Suppose $n$ is an even positive integer and $H$ is a subgroup of $\mathbb Z/n \mathbb Z$. Prove that either every element of $H$ is...

This proof uses very elementary group theory (as per Gathdi's request) — it does not use homomorphisms or cosets, and it does not even assume the well-known result that every subgroup of a cyclic group is cyclic (a special case of it is proved here itself).

$\mathbb Z / n \mathbb Z = \{0, 1, \ldots, n - 1\}$.

Let $H$ be any subgroup of $\mathbb Z / n \mathbb Z$. If all elements of $H$ are even, we have the desired result. Otherwise, if at least one element of $H$ is odd, let $k$ be the least such odd element. Then we can prove that

  1. $H = \langle k \rangle$, the cyclic subgroup generated by $k$, and
  2. $H$ has even order, and half the elements of $H$ are even.

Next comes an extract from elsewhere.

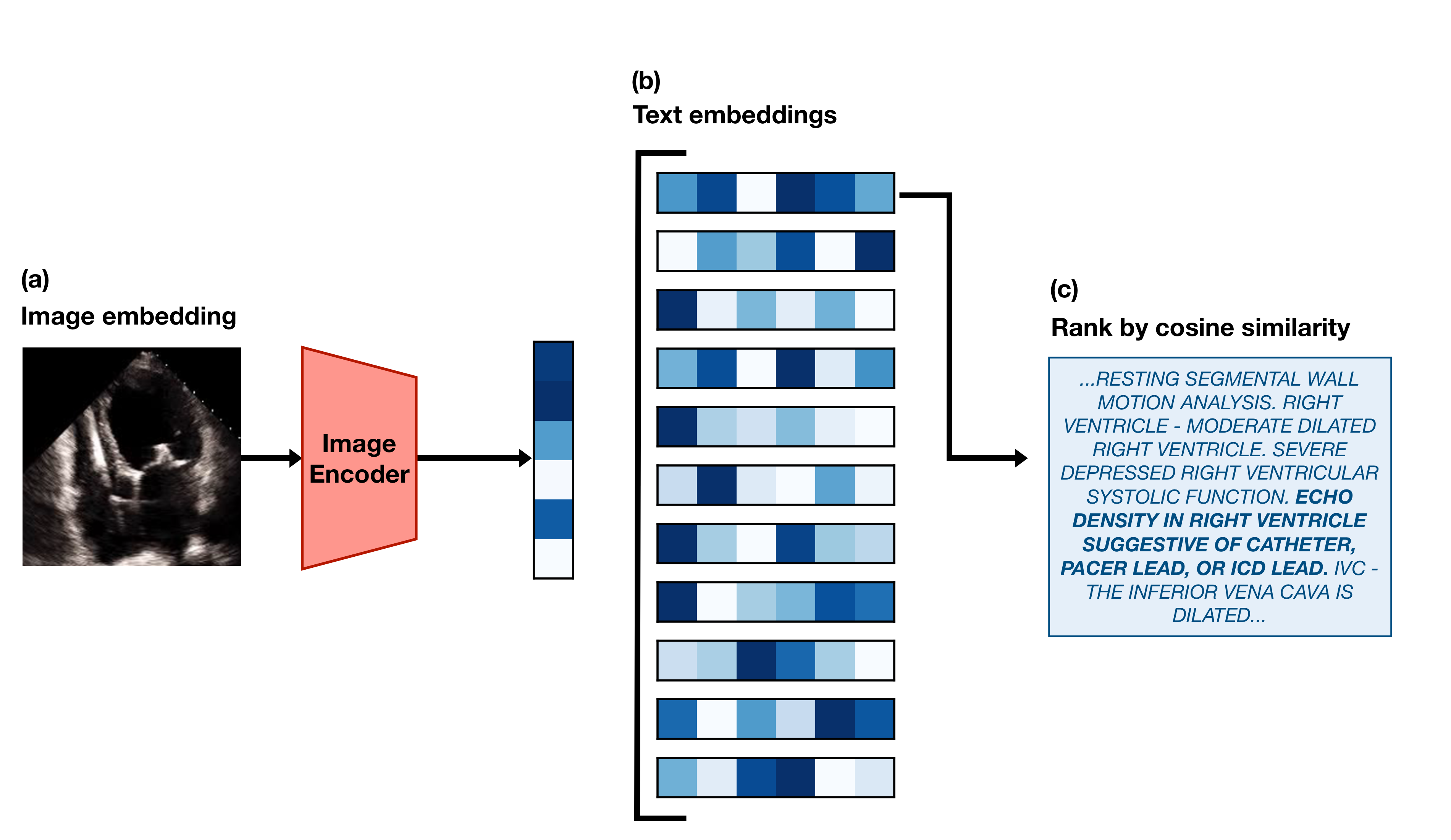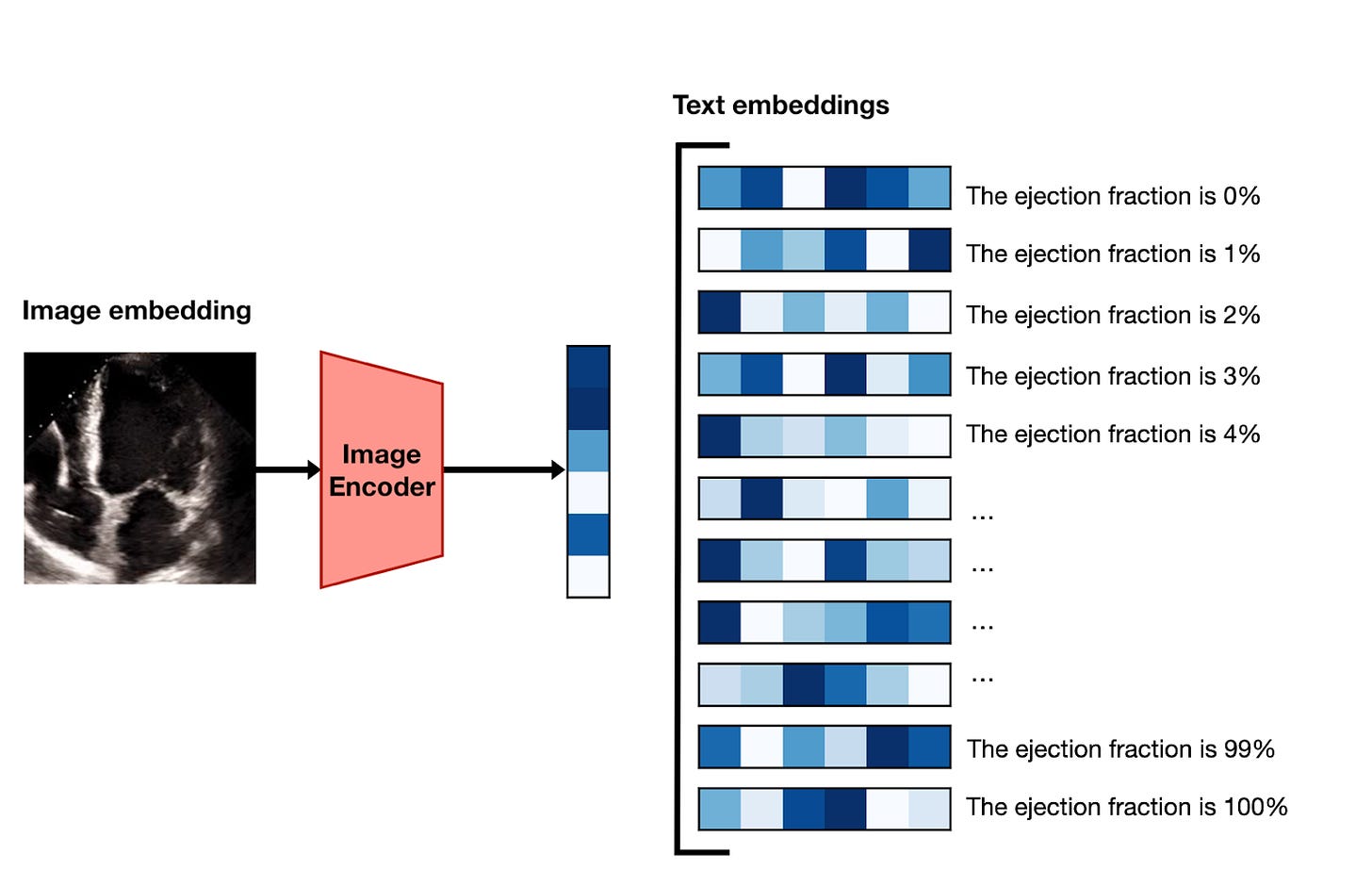 If you’re following along, you might be curious how it’s possible to take two models that turn text and images into embeddings, and use them to predict a continuous value like ejection fraction. The gist1 of the method is as follows:
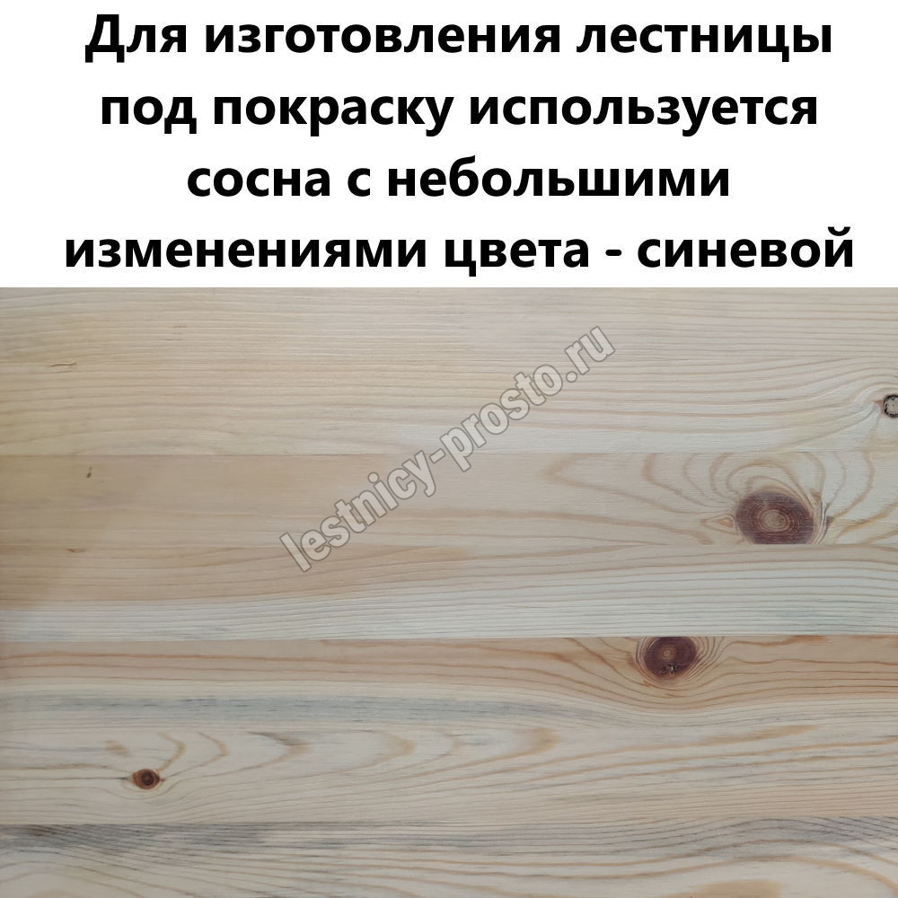Обратите внимание! Данный вариант лестницы изготовлен из сосны эконом-класса - это сосна с заметными местами синевы, такая особенность никак не отражается на прочности и надежности лестницы, но может быть заметна при прозрачном покрытии или покраске лестницы в светлые тона.

To prove the first statement, let $m$ be any element of $H$. Then using the division algorithm, \begin{equation*} m = qk + r, \quad 0 \le r < k \end{equation*} for some integers $q$ and $r$. Now, $r < k$ is an element of $H$ (since $r = m - qk$, $m, k \in H$), so it cannot be odd, due to our assumption on $k$. But if $r$ is even, then $k - r > 0$ is an odd element of $H$, which is possible only if $k - r \ge k$, so in fact, $k - r = k$ (since $r \ge 0$). Thus, $r = 0$, and $m = qk$, which proves that $H = \langle k \rangle$.

Now, the order of $H$ is the order of the element $k$, which is the smallest positive integer $s$ such that $sk = ln$, for some integer $l$ (as $n$ is the order of the group $G$). But given that $n$ is even, and $k$ is odd, it must be that $s$ is even. Thus, $H$ has even order, and since $H = \{0, k, 2k, 3k, \ldots, (s - 1)k \}$, exactly half of the elements of $H$, namely $0, 2k, 4k, \ldots, (s - 2)k$, are even.


Maybe try this: let $G=\mathbb{Z}/n\mathbb{Z}\cong \mathbb{Z}_n$. Then consider a subgroup $H$ of $G$. Because $G$ is cyclic, $H$ is cyclic. Suppose $H$ does not consist of all even elements. Then there exists an odd element in $H$. However, if $H$ is generated by an even element, then all elements in $H$ will be even. Therefore $H$ is generated by an odd element.

Now let's try to set up a bijection between even and odd elements of $H$. Let $H=\langle a\rangle$ where $a$ is odd. Then (in additive notation) $ca$ is even if $c$ is even, and odd if $c$ is odd.

Let $\phi(ca)=da$ where $d\equiv (c+1)\pmod a$, $0\leq d\lt |a|$. This clearly maps between even and odd components. You can check that this is a bijection fairly easily.

There could be a much easier way to do this, but this is what I came up with.


Since $n$ is even, one has $n\mathbf Z\subseteq 2\mathbf Z$ and, consequently, a morphism of quotient groups $$ f\colon \mathbf Z/n\mathbf Z\rightarrow \mathbf Z/2\mathbf Z. $$ Explicitly, $f$ maps de class of $m$ mod $n$ to the class of $m$ mod $2$, for any integer $m$. Of course, $f$ is surjective, and its kernel is the subgroup $2\mathbf Z/n\mathbf Z$ of ''even'' elements of $\mathbf Z/n\mathbf Z$.

Now, if $H$ is a subgroup of $\mathbf Z/n\mathbf Z$ then either $H$ is contained in the kernel of $f$, or it is not. In the former case, all elements of $H$ are even. In the latter case, the restriction of $f$ to $H$ is a surjective morphism $g$ from $H$ into $\mathbf Z/2\mathbf Z$. It follows that the kernel $\ker(g)$ of $g$ is a subgroup of $H$ of index $2$. In particular, $\ker(g)$ and its complement $H\setminus\ker(g)$ have the same number of elements since both are classes of the subgroup $\ker(g)$ of $H$. In particular, they have the same number of elements. The elements of $\ker(g)$ are the ''even'' elements of $H$, the elements of $H\setminus\ker(g)$ are the ''odd'' elements of $H$.